How America Can Beat COVID-19

AUSTIN – When the Japanese attacked Pearl Harbor, the United States was surprised and unprepared, but it was quickly freed of its illusions. The same does not hold true for the COVID-19 epidemic. The attack is underway and our defenses are down—but so far our illusions remain intact.
By James K Galbraith

The US government should have stand-by authority to allocate essential medical supplies, in order to ensure that the whole population has access to basic protective equipment and medications, based on need and regardless of income


AUSTIN – When the Japanese attacked Pearl Harbor, the United States was surprised and unprepared, but it was quickly freed of its illusions. The same does not hold true for the COVID-19 epidemic. The attack is underway and our defenses are down—but so far our illusions remain intact.

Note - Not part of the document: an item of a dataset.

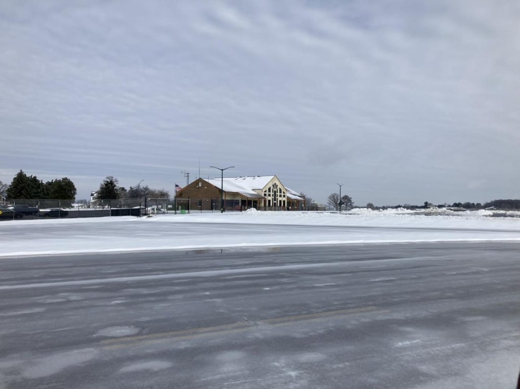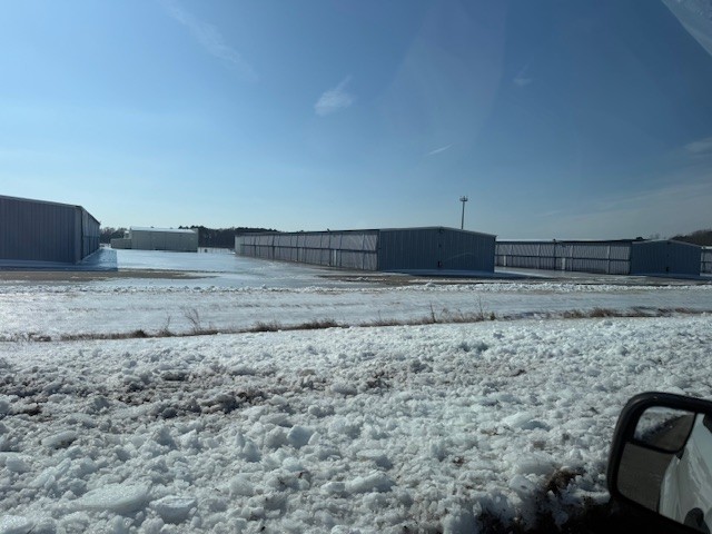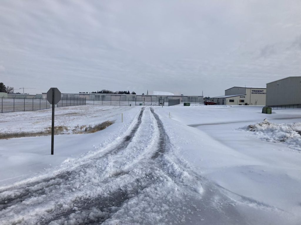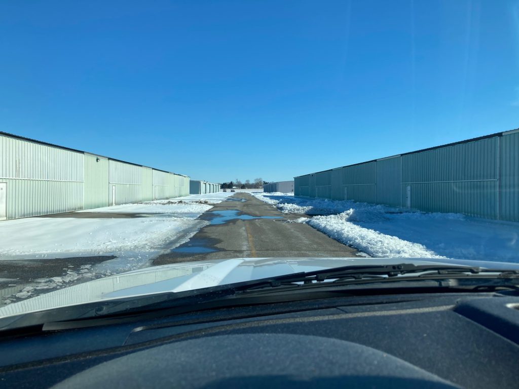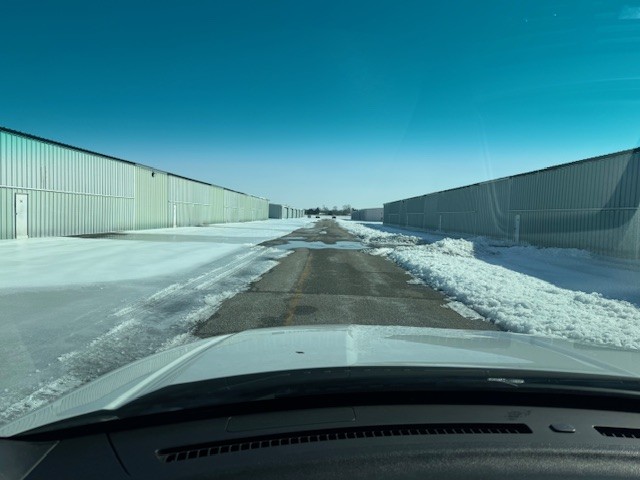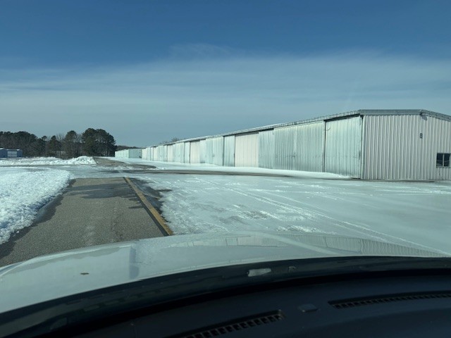 • The T-Hangars and still mostly inaccessible with several inches of ice on the ground and ice sliding off the roofs in sheets, blocking doors.

That will soon change as the infection rate and death toll rise, while the stock market sinks. Global supply chains have been disrupted by events in China, and India has just banned the export of certain generic drugs. Medical masks are already in short supply, and everyday items such as hand sanitizer have become difficult to find. The heavily globalized, consumer- and finance-driven US economy was not designed for a pandemic. 


The country’s medical system has it even worse. America has vast health-care capacity, but millions of people are uninsured, underinsured, undocumented, or simply reluctant to go to the doctor or emergency room, owing to the cost of co-payments, deductibles, and uncovered fees. In a pandemic—where every infected person is a threat to the entire population—this is a formula for disaster. Everyone must be able to come forward, get tested, and receive free treatment without fear of consequences—including the very poor, the homeless, and the undocumented.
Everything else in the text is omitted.